An official website of the Iranian government was compromised. A hidden Iframe tag which retrieves an obfuscated malicious scripts which exploit multiple vulnerabilities was injected into the website. Visitors of the governmental website may end up with a Trojan downloader taking over their system.
During the last month we have been tracking a large botnet network, based upon El Fiesta tookit. Computers that were forcibly joined to the Botnet were exposed to information theft and were used for sending spam emails via live.com and via an internal SMTP engine installed by Trojan downloaders.
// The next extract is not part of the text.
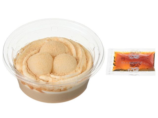 もっちり食感のきなこぷりんに団子とホイップクリームをトッピングし、お好みで濃厚な黒蜜をかけていただく仕立て。

Image 1: The Iranian governmental website
Image 2: The Iranian governmental website page code compromised
Image 3: The obfuscated exploit page
Upon execution of the obfuscated code, the following vulnerabilities are exploited:
• Adobe Acrobat and Reader JBIG2 image stream buffer overflow
• Adobe Acrobat and Reader Multiple Arbitrary Code Execution
• NCTsoft NCTAudioFile2 ActiveX buffer overflow
• Microsoft 'msdds.dll' COM Object Heap Memory Vulnerability
• Microsoft Access Snapshot Viewer ActiveX
• MS Internet Explorer XML Parsing Buffer Overflow
• Microsoft Data Access Components (MDAC) remote code execution
• Microsoft Internet Explorer VML stack buffer overflow
• MS Internet Explorer WebViewFolderIcon remote code execution
• Firefox No Script local exploit
• FireFox behavior vulnerability
Upon successful exploitation, Trojans are installed on the infected computer making it part of the Hacker’s Botnet, which is being managed by El Fiesta toolkit. During the past month we have observed half a million infected hosts controlled by this Botnet server.
Image 4: El fiesta toolkit exploits and overall infected hosts (part1)
Image 5: El fiesta toolkit exploits and overall infected hosts (part2)

Image 6: Botnet Server statistics
Once our ‘Honeypot’ clients were controlled by the ‘El Fiesta’ botnet, they were used for sending Spam emails via live.com and via an internal SMTP engine installed by the Bot Trojans. The Spam emails contents were supplied by another web server hosted in Ukraine.

Image 7: An infected client sending Spam via live.com mail account

Image 8: An infected client sending Spam via internal SMTP engine

Image 9: The spam web server supplies the spam email header and content to be sent by the Bot client
One of the Trojans installed by the Botnet downloads a rouge Anti-virus program called Guarddog 2009. The rouge website is hosted on the same server of the El Fiesta toolkit.